Evidence for Symbiotic theory
Cells aren’t able to contain some of the structures within them e.g. mitochondria - they must have absorbed them.
Chloroplasts and mitochondria have their own DNA which is strikingly similar to that of bacteria. Ribosomes also have the same structure to that of ancient bacteria.
Two layers of membrane for these organelles suggest that the outer membrane used to belong to the cell that engulfed them.
Binary Fission
This is different to sexual reproduction as it only requires one bacterium to divide and reproduce.

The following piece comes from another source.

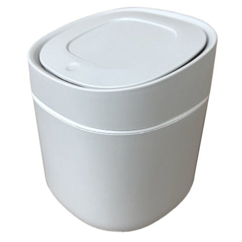 Изготовлена из высококачественного пластика белого цвета. Оснащена крышкой с механизмом вращения. Легкость и компактность корзины позволяют перемещать ее с одного места на другое. Небольшая корзина легко помещается на рабочем столом. Имеет размеры 15,5 х 13,5 см и объем 2,8 л.
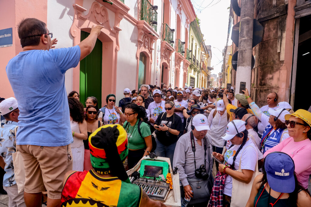 En la primera parte del día, los participantes recorrieron el centro histórico de Belém, guiados por el profesor e historiador Michel Pinho, investigador de la historia social de la ciudad. El recorrido se estructuró como una conferencia pública, con reflexiones sobre el papel de las poblaciones negras, indígenas y ribereñas en la formación de Pará y sobre las luchas de resistencia que marcaron la región, como el Cabanagem, una revuelta popular que tuvo lugar entre 1835 y 1840 contra la explotación y el autoritarismo de las élites coloniales.

DNA replicates itself then the cell splits in two, both of which containing identical DNA.
Consequences of endosymbiosis
Endosymbiosis can account for the origins of the vast variety of eukaryotic organisms.
Absorbing process allowed organisms to combine powerful abilities and become better adapted for life on earth. This resulted in the plants and animals we see on earth today.
Life as we see it now is the result more of cooperation than competition.